— Нет, спасибо, — вежливо отказался Мишель. — Меня более интересуют ювелирные украшения. Они что, тоже выросли также, как предложенное вами фламандское дерьмо?
— Ну что вы! — азартно воскликнул антиквар. — Они выросли больше!..
Выходит, что тот, тысяча девятьсот пятнадцатого года, миллиард превратился минимум в теперешних сорок? А если вспомнить, что это не бумажные деньги, а уникальные бриллианты и сапфиры, да не сами по себе, а вправленные в золотые и платиновые оправы, которые, кроме всего прочего, — произведения ювелирного искусства, и что ранее они принадлежали российским царям, то можно накинуть еще нолик?..
Или два?..
Или три?..
Цена была иной, чем представлялась ему вначале.

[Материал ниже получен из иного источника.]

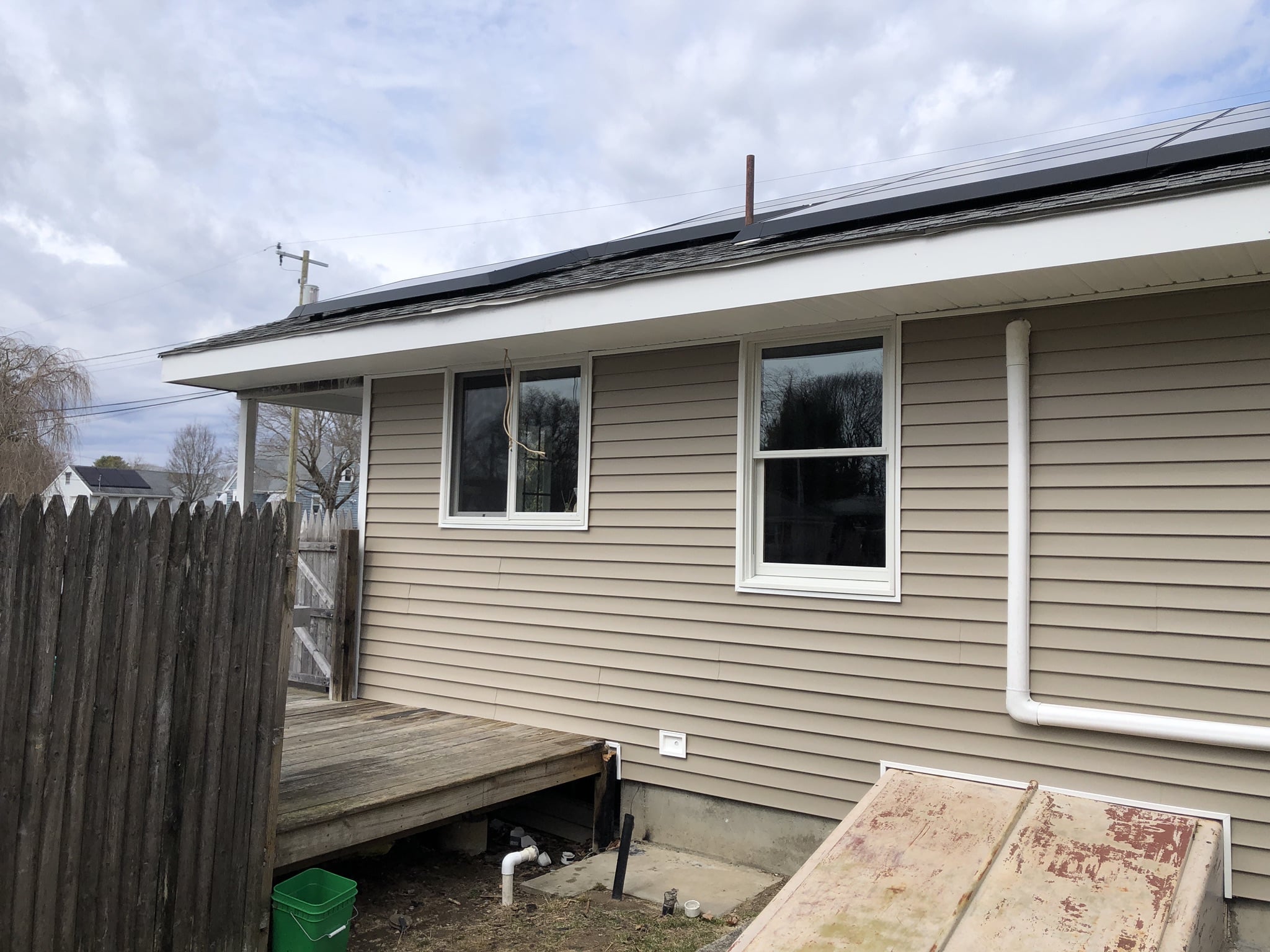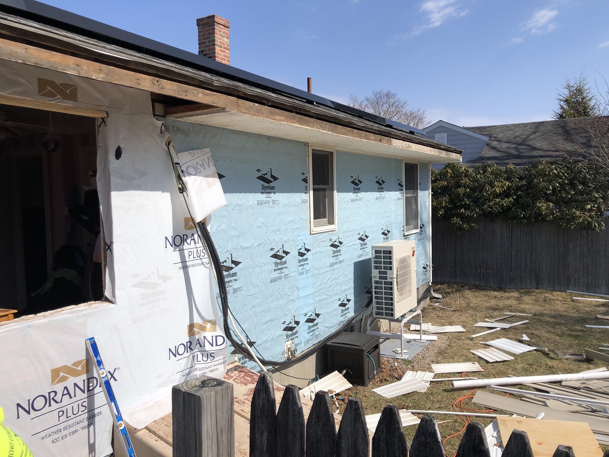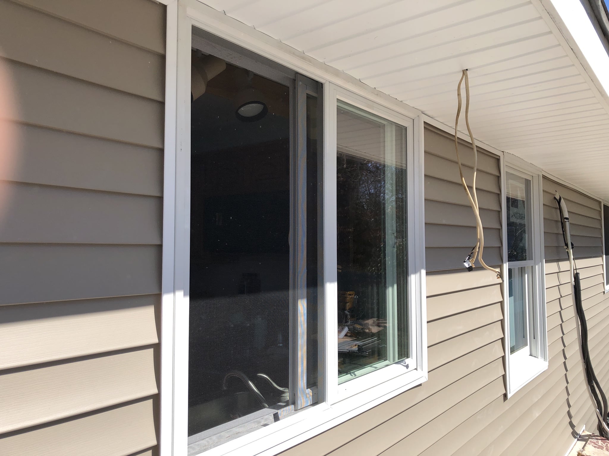 Pawcatuck Roofing Co. completed a siding and window installation in Stonington, CT, featuring CertainTeed MainStreet Vinyl Siding in Natural Clay and Andersen double-hung and sliding glass windows.
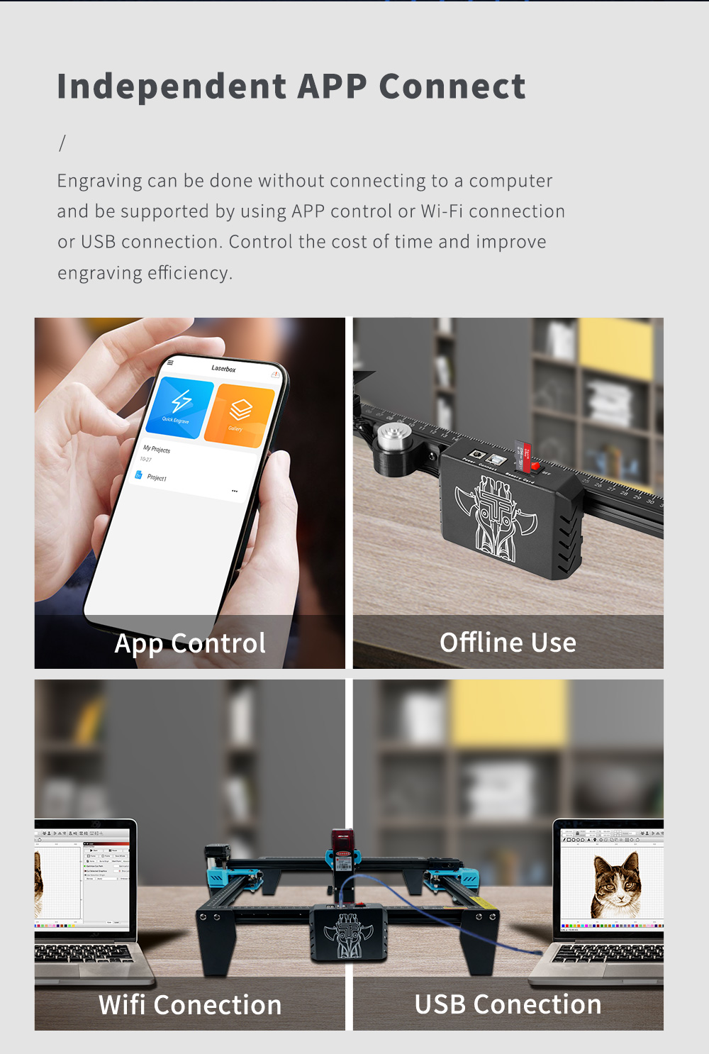 Tietokone: LaserGRBL, LightBurn, tukee Win XP / Win 7 / Win 8 / XP / Win 10 -järjestelmiä ja Apple Mobiili: sovellus (ATOMSTACK), tukee iOS, Android. |
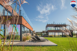 Namas pasižymi modernia architektūra, maksimaliu komfortu ir nepriekaištinga statybos kokybe. Ant stogo įrengta erdvi terasa, iš kurios atsiveria nepakartojami marių horizontai ir Neringos kopų panorama – tai vieta, kur saulėlydžiai atrodo tarsi meno kūriniai.
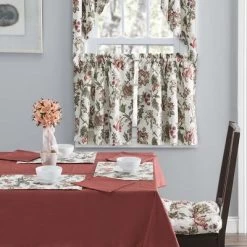 Ellis Curtain Madison Floral Design Printed Natural Ground 1.5″ Rod Pocket Tailored Tier Brick
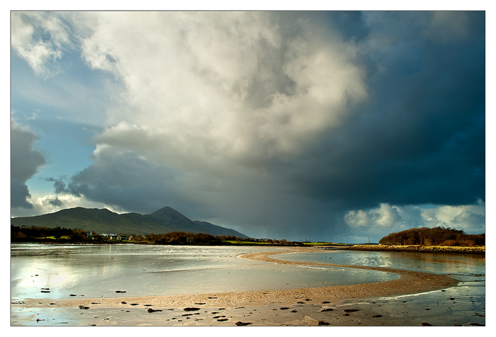 Its hard to believe we are in December again, I started this blog as a challenge for myself in December two years ago, It was easy for the first month or so after three months it became really hard. now after almost two whole years , the discipline of doing the daily blog has been well established, the problem is getting enough new images that are good enough to post. But sometimes the pictures just give themselves up, todays picture for example just happened in front of me. I was in Westport driving towards Murrisk when the low winter sun lit up the mudflats and the chocolate coloured channel . I grabbed the camera from the car, no time for a tripod, and took a few images before the shower you can see in the distance reached me and I beat a hasty retreat back to the car, knowing that the blog was covered for another day!!

И чем представлялась многим другим!
Много большей!..
Глава VII
— Сколько-сколько вы говорите?
— Сто... Или, может быть, двести... Миллиардов. Нынешних рублей, — не моргнув, ответил Мишель Фирфанцев.

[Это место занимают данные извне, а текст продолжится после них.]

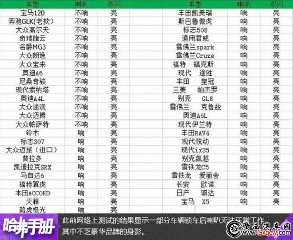 這是此前網(wǎng)絡(luò)上做過(guò)的測(cè)試,表格中的樣本車(chē)輛在鎖車(chē)后雙閃都能夠正常點(diǎn)亮,但一部分車(chē)輛的喇叭啊卻不能在鎖車(chē)后按響。這其中不乏一些合資甚至豪華品牌的身影。我們知道雙閃在夜晚很明顯,但在白天是不容易被人察覺(jué)的。所以喇叭能否正常工作就成了車(chē)內(nèi)向車(chē)外呼救的關(guān)鍵方法。
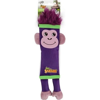 Pískací hračka pro psy, vyrobena z odolného materiálu požární hadice. Bez výplně, s plyšovými nohami a jemnými vlásky. Velikost 35 cm. Fialová opička z řady odolných hraček...
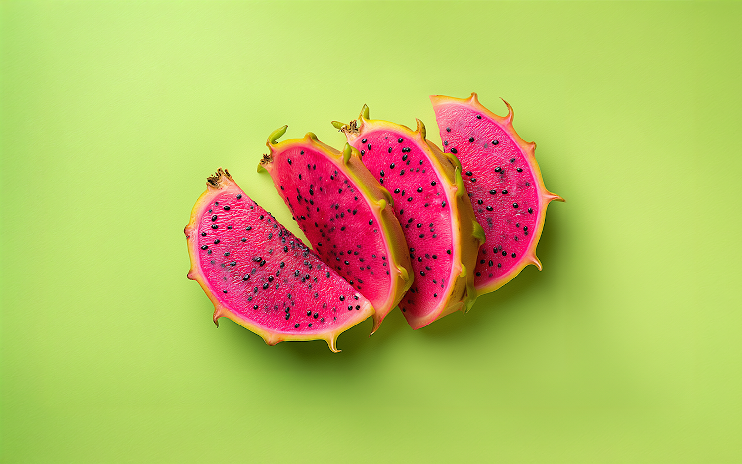 Vibrant Dragon Fruit Slices on Lime Green Background
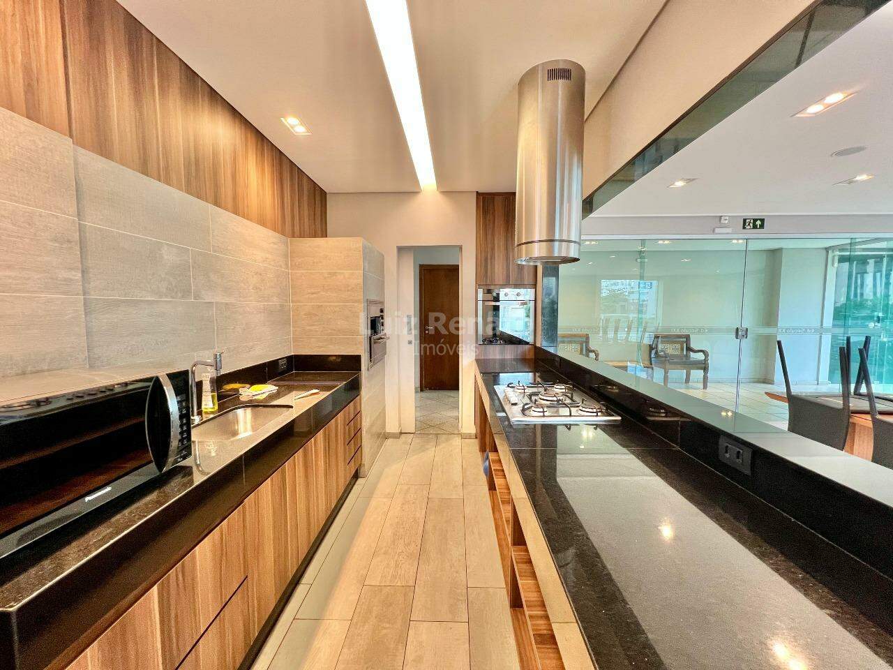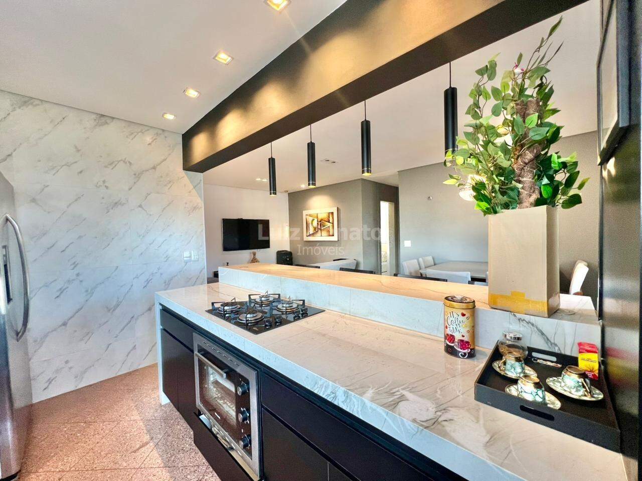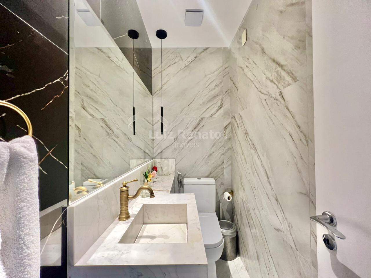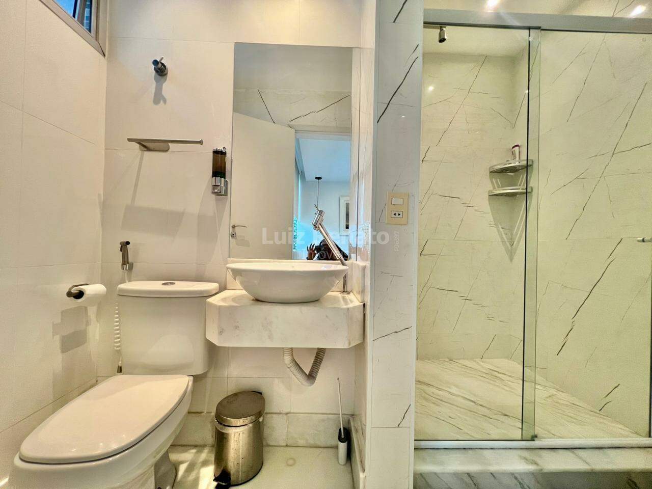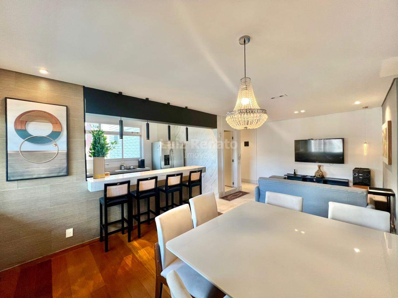 O apartamento possui fino acabamento, sendo todo mobiliado e decorado. Dispõe de sala ampla para dois ambientes, com piso em mármore, lavabo, cozinha americana com bancada em mármore, dois quartos com armários, ambos suítes.

Уложить в голове сумму со стольким количеством нулей было решительно невозможно.
— А если в царских, это сколько?
Подобные переводы денег в новой России были нередки. Керенки падали так, что уследить за их курсом не было никакой возможности. Вот и сравнивали с прежней царской валютой, которая была как-то привычней.
— Если в ценах пятнадцатого года, то тогда меньше — всего-то миллиард.
— Сколько?!
— Миллиард...
В царских деньгах стоимость пропавших сокровищ была хоть и много меньшей, но звучала весомей, чем в керенках. Всякий тут же переводил ее на цены довоенных товаров, которые пока еще не истерлись из памяти, — кто-то на мясо, кто-то на водку, а кое-кто на шампанское с омарами, цыганами, хорами и певичками. Если на водку, то выходило, что всю Российскую империю можно было месяц поить допьяна. И кормить омарами вместе с цыганами и хористками. А в шампанском хоть ноги полоскать и портянки стирать. Такие деньжищи!..
И то сказать — триста лет Романовы копили свои сокровища, скупая их по всему свету! Вот и накопили!.. На целый золотой миллиард!
Да только где он?..
— Да уж и нет, поди! — предположил Горький. — Знаю я наших людишек, уж по-оверьте, по-овидал, как по Руси-то хо-одил. Верно, давно все растащили да пропили по кабакам до самой последней копеечки.
— Миллиард-то? — усомнился Мишель.
— А что?! Вы знаете, как волгари пьют?! — восхищенно вскинул руки Горький. — Ох как пьют!.. Уж так пьют, что иной раз оторопь берет! Все-то пропьют да по ветру пустят — и дом, и с себя рубаху исподнюю! Что миллиард русскому человеку — коли он жизнь пропить да прогулять готов! Русскому человеку все-то по плечу. Русский чело-овек... это, знаете ли, звучит!..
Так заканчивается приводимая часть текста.